Data Quality External Reporting

This page explains the Centralized DQ Monitor Scan Reporting feature, which generates a comprehensive, standardized report for every Data Quality (DQ) Monitor scan and appends the results to a designated external table. This mechanism centralizes DQ metrics from various sources and monitors, providing a unified, historical view of data quality performance.


Report Structure (External Destination Table Schema)

The external table is the central repository for all DQ scan results. It provides a standardized format that allows users to query and analyze DQ performance across all projects, data assets, and monitors.

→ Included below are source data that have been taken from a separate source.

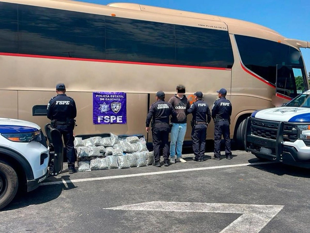 Relató que los oficiales revisaron dos maletas que olían a mariguana y en su interior encontraron 44 bolsas de plástico con el enervante. La Secretaría precisó que la droga asegurada equivale a 23 mil 170 dosis.
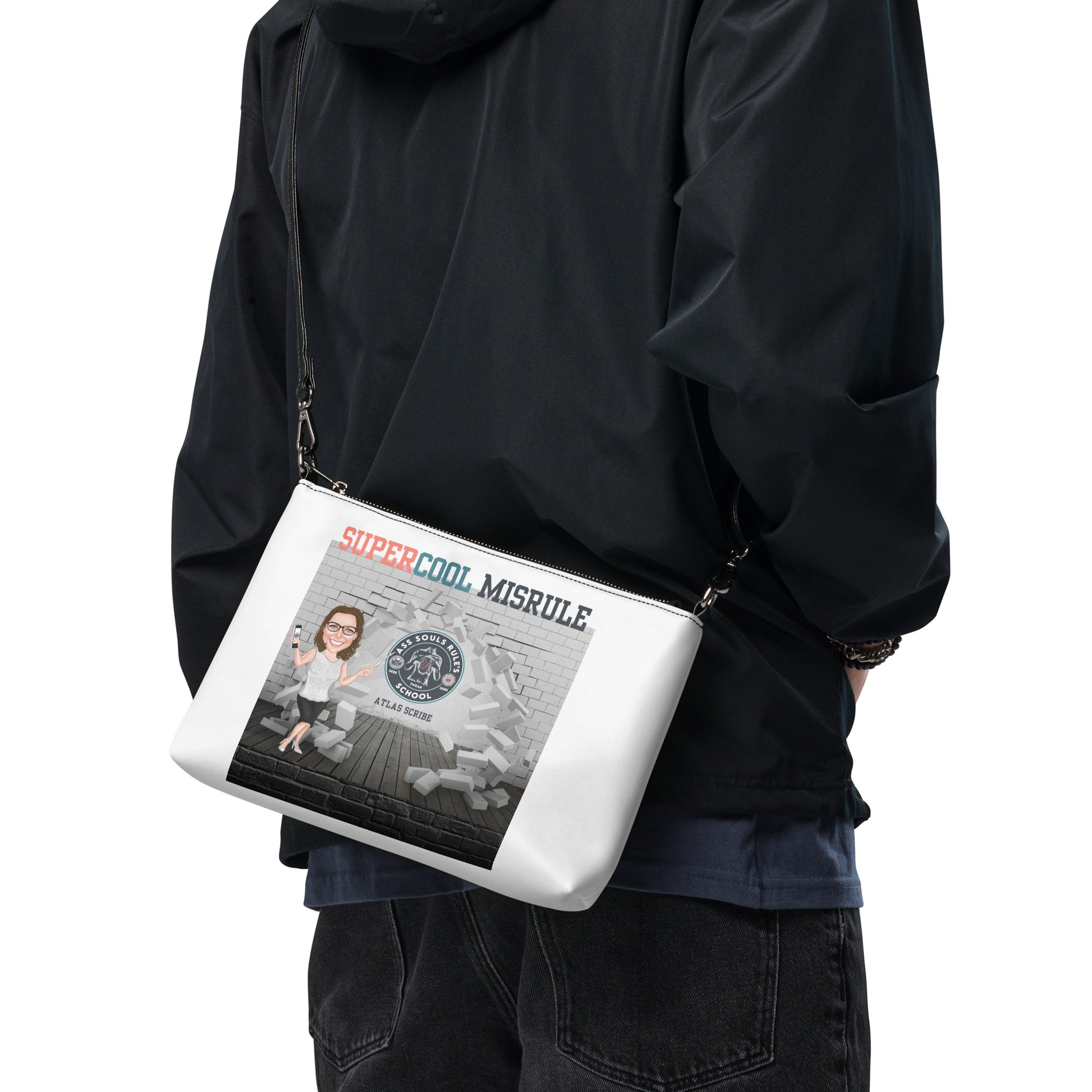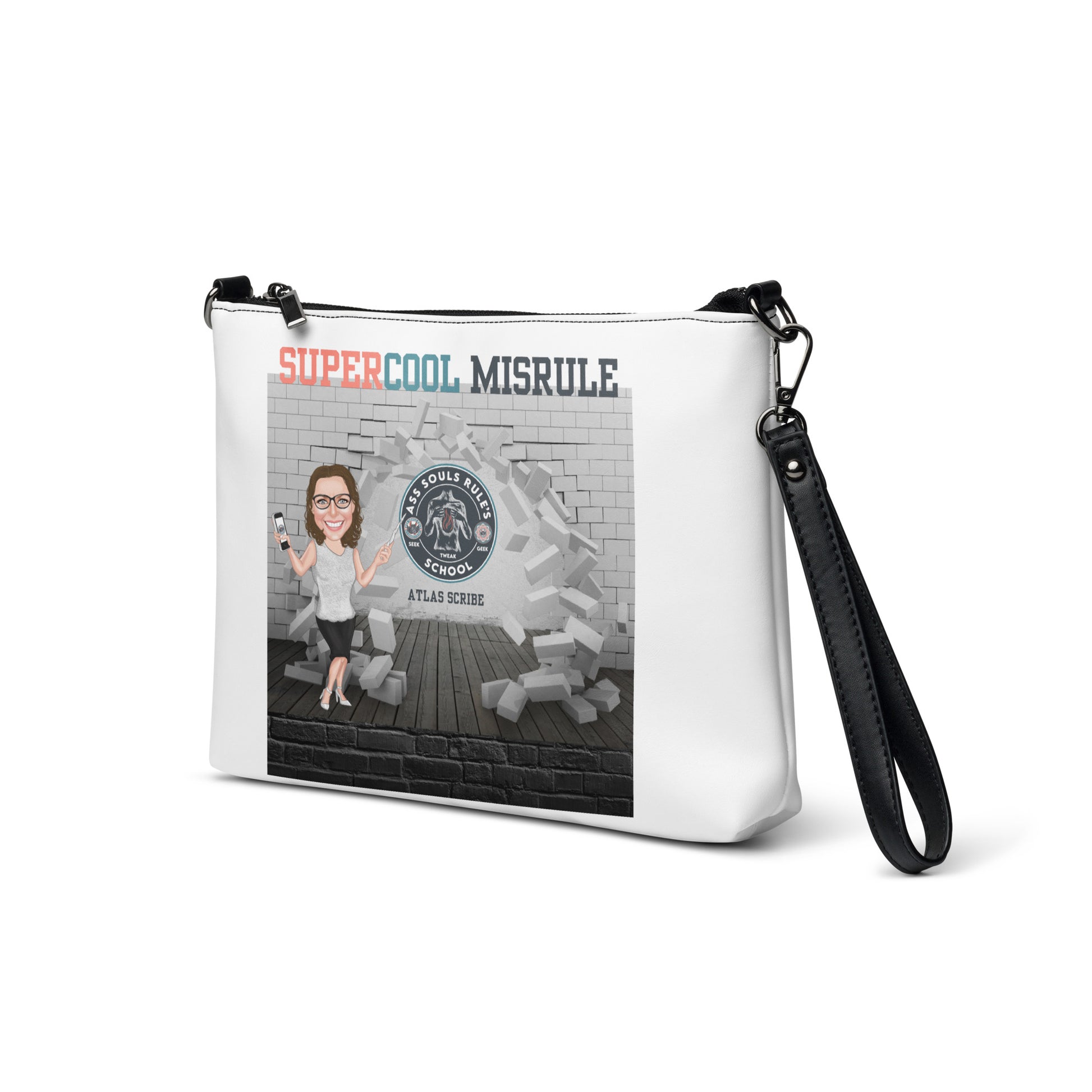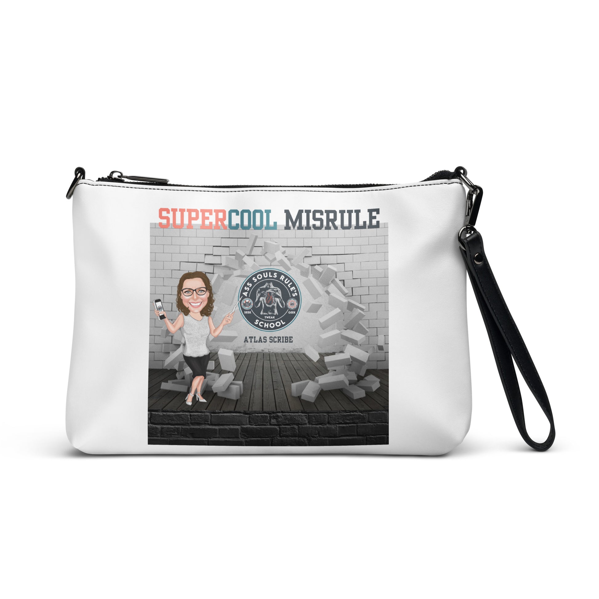 Keep your Ass Souls Rule's style on point and your hands free with our versatile crossbody SuperCool MisRule bag. It’s made of premium faux leather and features dark gray hardware. Thanks to the zip-top closure and multiple inside pockets, you can keep your essentials secure and organized. Transform this crossbody bag with removable wrist and shoulder straps to style it for day-to-night looks.
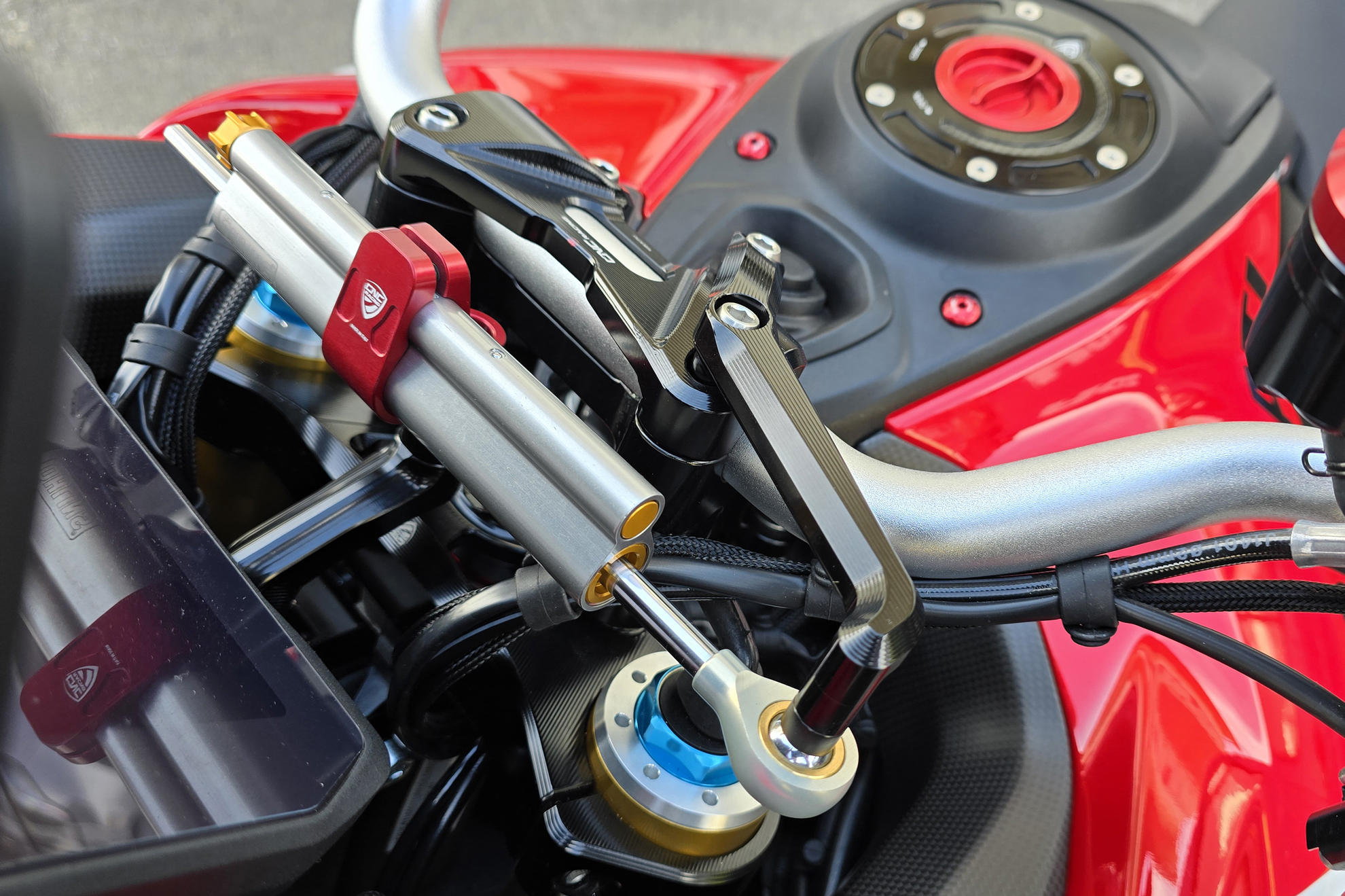 Kit ammortizzatore di sterzo per Ducati Multistrada V4 realizzato dal pieno in lega leggera con successiva anodizzazione superficiale.
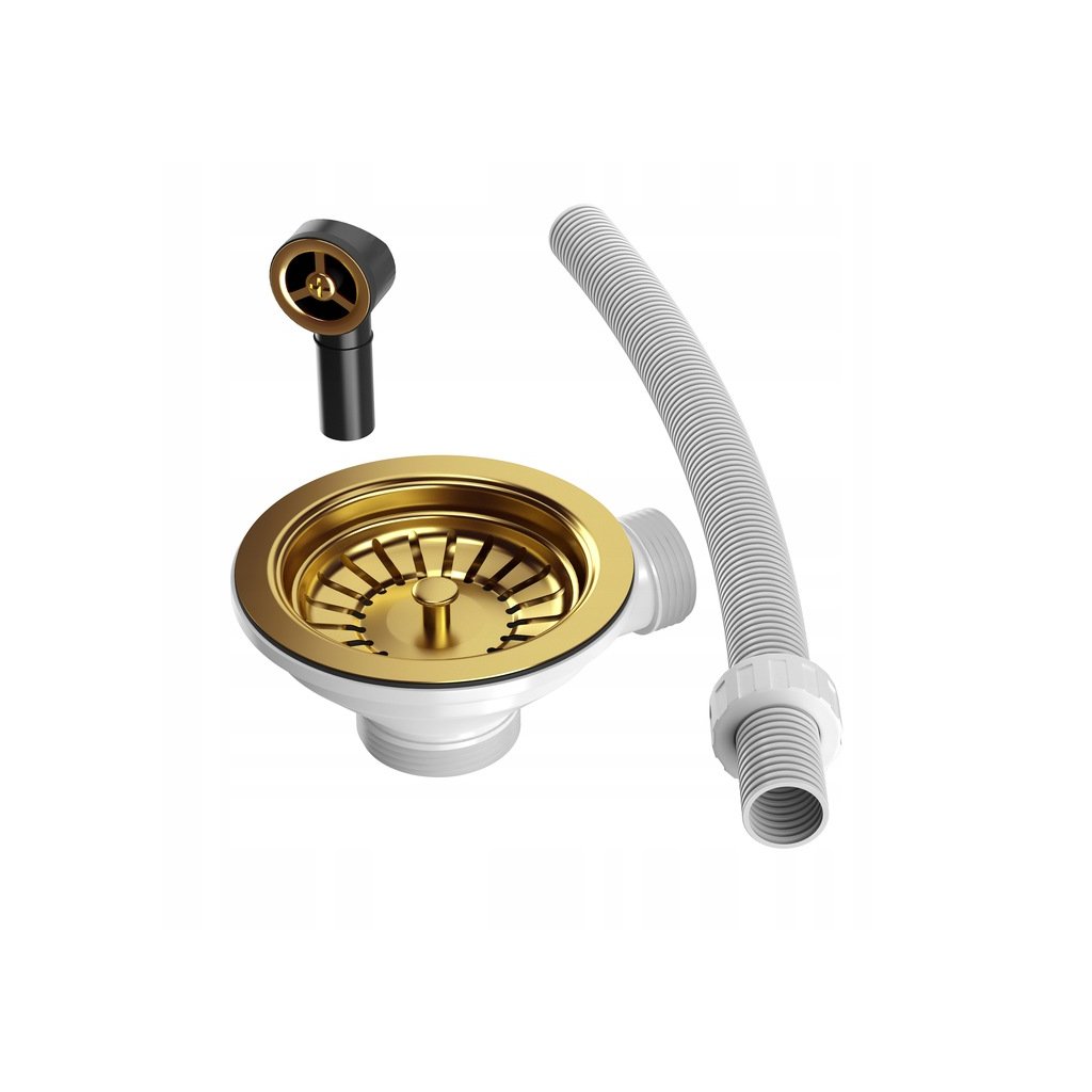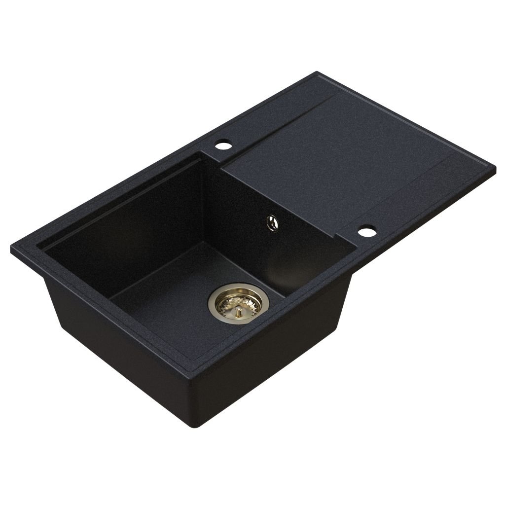 Quality Sink55 mosogató, gránit konyhai mosogató 780x460x215 mm + arany szifon, grafit, SKQ-SINK.G.1KDOL.XG
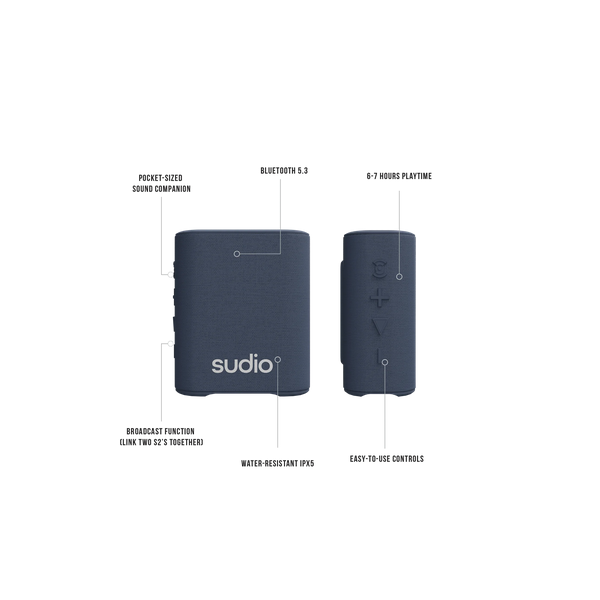 Sumérgete en la experiencia sonora definitiva con el altavoz Sudio S2 TWS Bluetooth 5.3 HIFI IPX. Este potente parlante lleva la calidad de sonido a un nivel superior, acompañándote en todos tus momentos especiales.
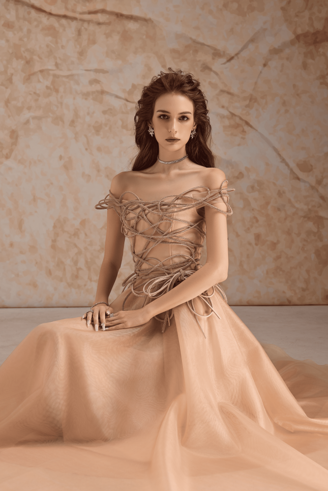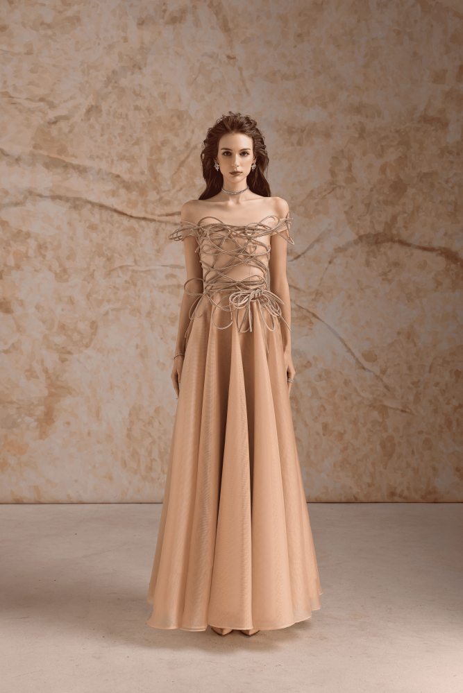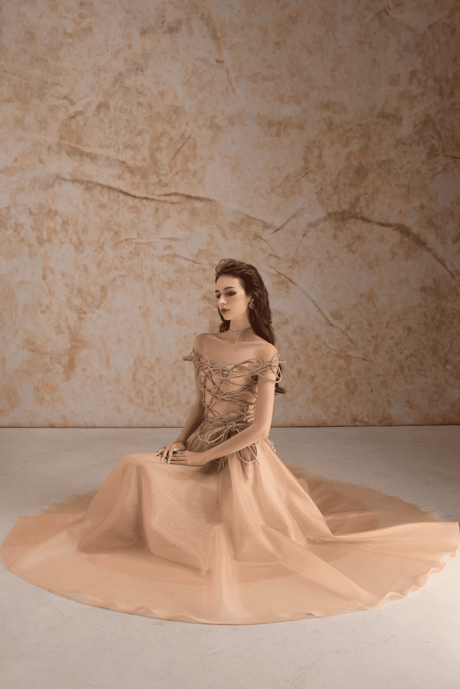 Shine with an exceptional and luxurious look with this dress, which has a charming design. This dress is expertly crafted to suit your overall look. This elegant dress is available in a nude color, and is always a suitable choice for any occasion.
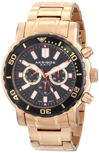 -. Title : Akribos XXIV Men's AK675RG Grandiose Swiss Quartz Multifunction Black Dial Rose-tone Stainless Steel Bracelet Watch
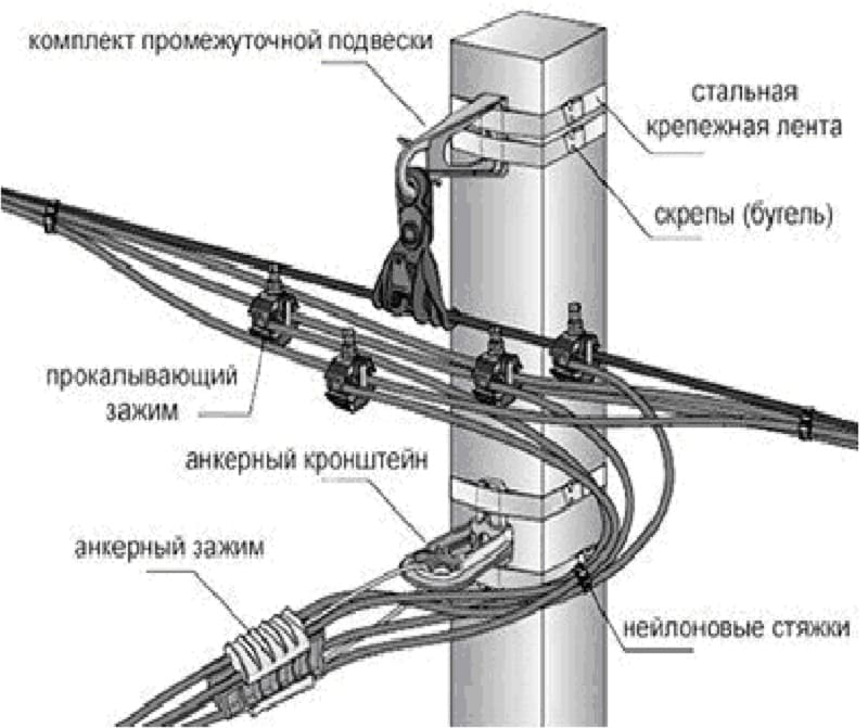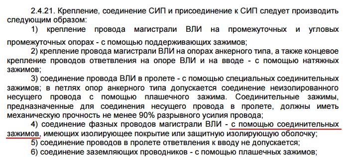 Например, СИП 4 не допускается соединять между собой в пролётах. Такой провод СИП допускается соединять, только используя опору, чтобы на жилы провода не осуществлялась нагрузка.
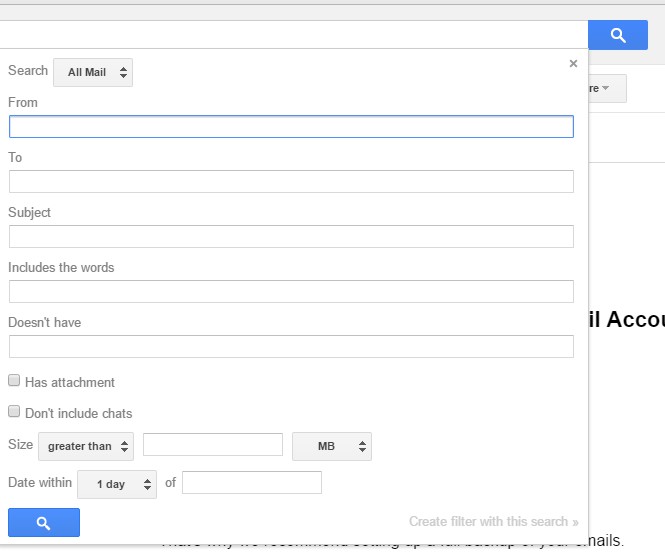 您可以将 Gmail 配置为使用过滤器自动删除来自指定电子邮件地址的电子邮件。要设置过滤器,请点击 Gmail 搜索框右侧的箭头按钮。这将打开下方镜头中显示的过滤器框。
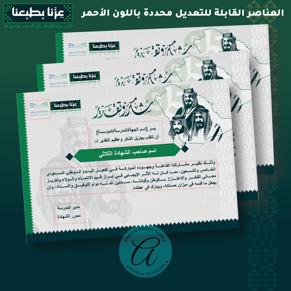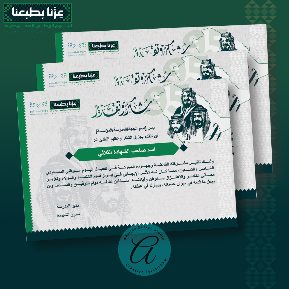 صُممت شهادة الشكر هذه بعناية لتكون لمسة ختامية مميزة لكل من ساهم في تفعيل المناسبة الوطنية داخل المدرسة أو المجتمع التعليمي أو الشركات والمناسبات الاجتماعية.
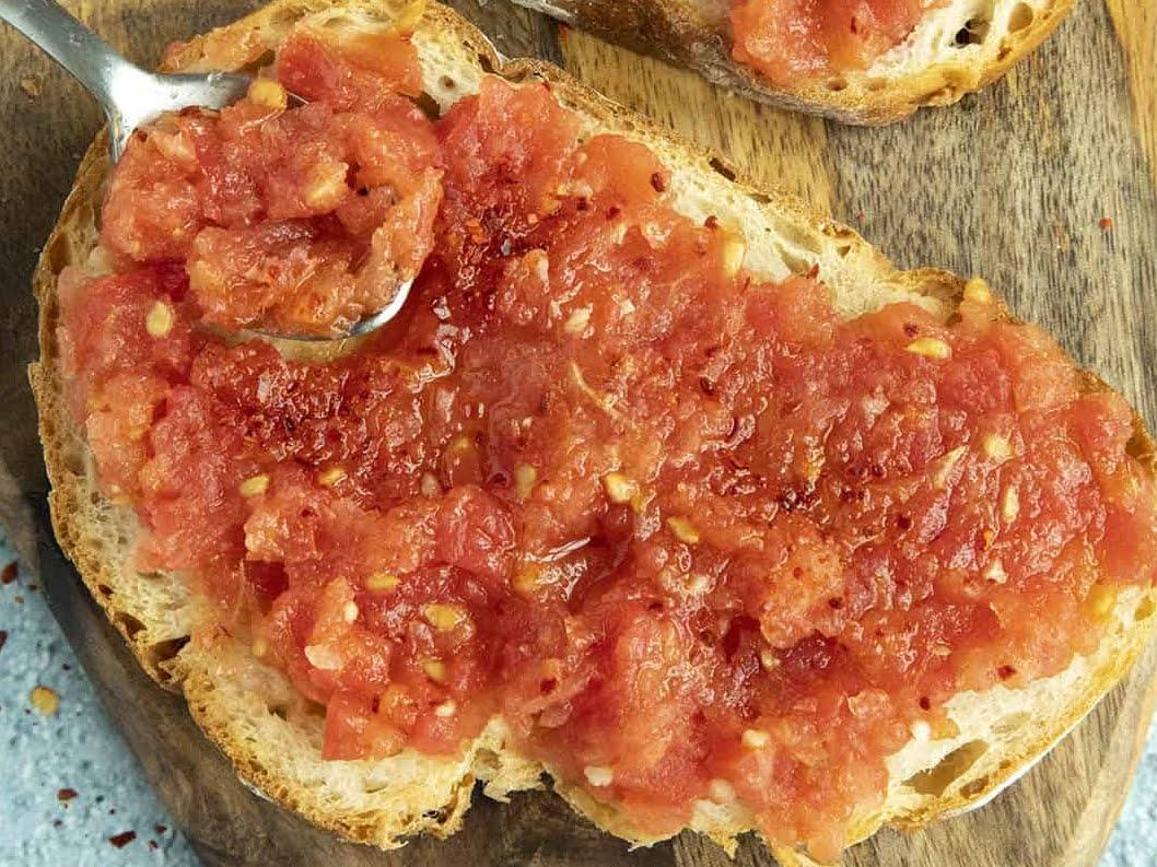 - Rub the garlic cloves over the hot bread, then spread the grated tomatoes over the bread

Column Name Data Type Description
project_id Long Identifier for the project where the data asset resides.
data_asset_id String Identifier for the specific data asset (e.g., table/stream) being monitored.
monitor_Id Long Unique identifier for the Monitor that performed the check. This is the primary key for tracking the rule execution.
scan_timestamp Timestamp The exact time the DQ job completed execution.
total_records_failed Integer Count of records that failed the specific Monitor's check.
total_records_scanned Integer Total count of records processed by the job for this check.
record_id_attribute_name String The name of the primary key/ID attribute used to uniquely identify records in the data asset.
record_id_sample Array of Strings A sample of up to 100 failed record IDs. This sample aids in immediate investigation and debugging.

User Actionability

  • To check DQ status: Users should query the External Destination Table, filtering by data_asset_id and scan_timestamp.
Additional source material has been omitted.